Factors Contributing To Breakout Performance

Part 1: The breakout day volume

This week we start a series of articles on what determines a viable breakout from a cup-with-handle chart pattern. By a viable breakout we mean:
  1. More likely than not to provide the opportunity for a gain of at least 25%
  2. Low probability of failure (by which we mean low probability of being stopped out using an 8% stop loss).
  3. Likely to achieve the profit objective within six months.
We start today by looking at the most fundamental question: what constitutes a breakout?

The first requirement is that a breakout must exceed a target price. For our purposes, the target price is determined by the pivot point of the chart pattern that applies to the stock. We usually refer to it as the breakout price or BoP and for our analysis we are going to require that the BoP be $0.10 above the pivot.

The second requirement is that the stock must close the day above its BoP.
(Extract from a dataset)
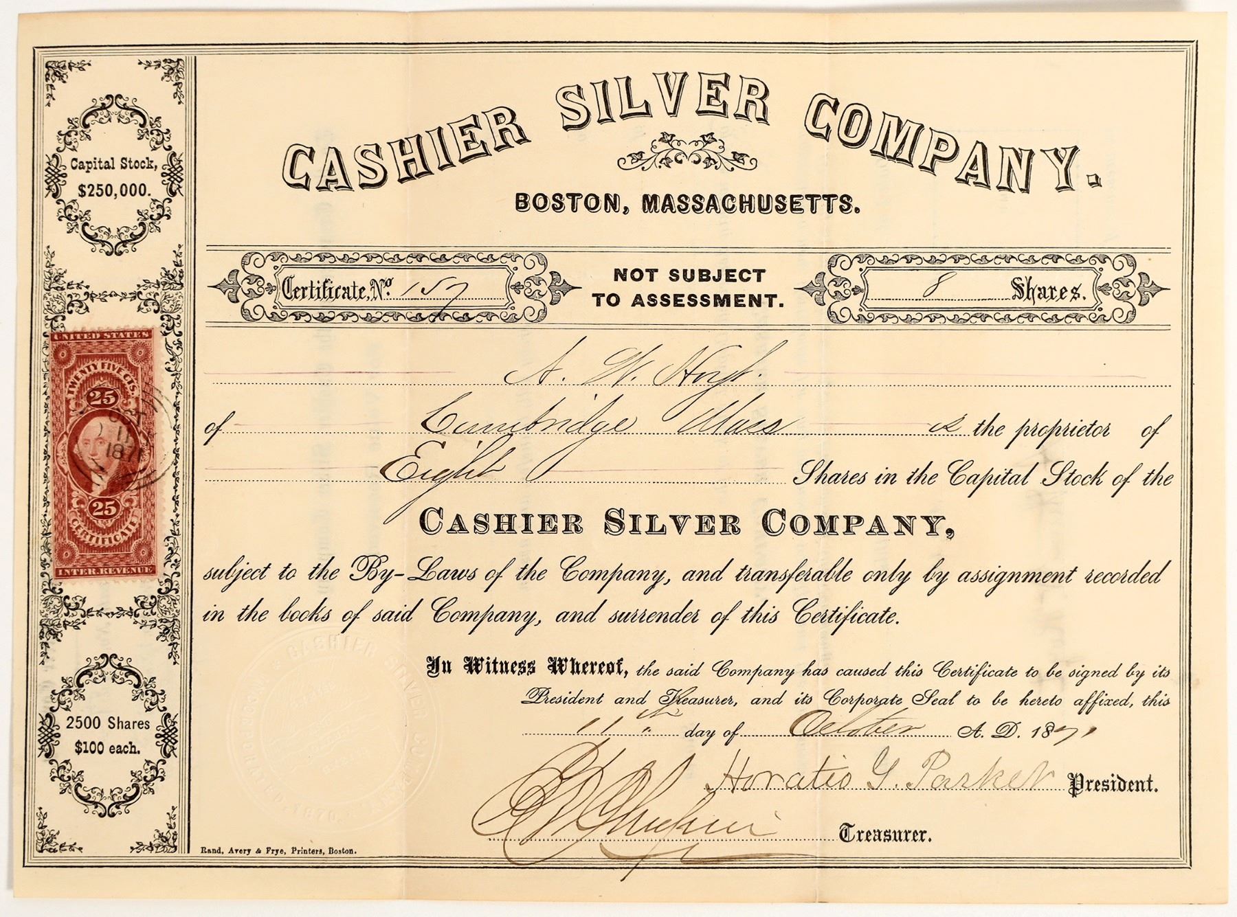 Rare. Never seen by us. No. 157, issued for 8 shares to AW Hoyt in Massachusetts in October 1871. Signed by president Horatio Parker and the treasurer. Not cancelled. Black border and print, 25 cent revenue stamp. 6.75 x 9" Folds. In 1877, they were buying feet on the Blue Jacket Lode, Downieville district, Clear Creek County, Colorado. We also see mention of them owing the Cashier Silver Lode.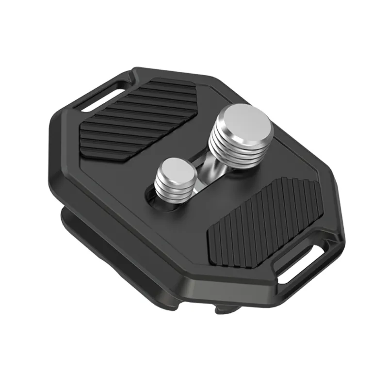 The Falcam F38 Quick Release dual screw thread plate V2 can be used with Falcams F38 Quick Release accessories for easy mounting and dismounting. In addition, there is a locking pin, one 1/4 20 and one 3/8 16 screw that can be used with the others for a stable and non twisting attachment.,

Thirdly, the daily volume must exceed the average volume by some factor. Since we began our site in 2003, we have assumed the necessary factor was 1.5 times the 50 day average volume. This factor comes from the work of William O'Neil who suggested it in "How to Make Money in Stocks". We have never examined that assumption and that's our focus in this article.

Methodology

To examine the relationship between volume and subsequent performance we examined our database of cup-with-handle stocks going back to January, 2004. For each stock on cup-with-handle watchlist, we selected those that closed above the breakout price (BoP) and noted their volume and 50 day average volume on that day. For the purposes of this discussion we will call that breakout day (BD).  We ignored whether or not we had classified it as a breakout on that date because that was an assumption that we were testing.

We then looked at the price in the six months following BD. If the intraday price fell by more than 8% from the BoP, then we counted that as the fail date. We then took the highest intraday price before either the fail date or the six-month end date.

Next, we calculated two variables:

advRatio = (Volume on BD)  / (50 day average volume at BD)
i.e. the ratio of BDday volume to adverage daily volume

maxGain = ((highest intraday high after BD) / (BoP at BD) - 1) x 100.
i.e. the profit if bought at the BoP and sold at the subsequent intraday high

While achieving the maximum gain in real life would be difficult, this allows us to examine the relationship between performance after breakout day and volume on breakout day.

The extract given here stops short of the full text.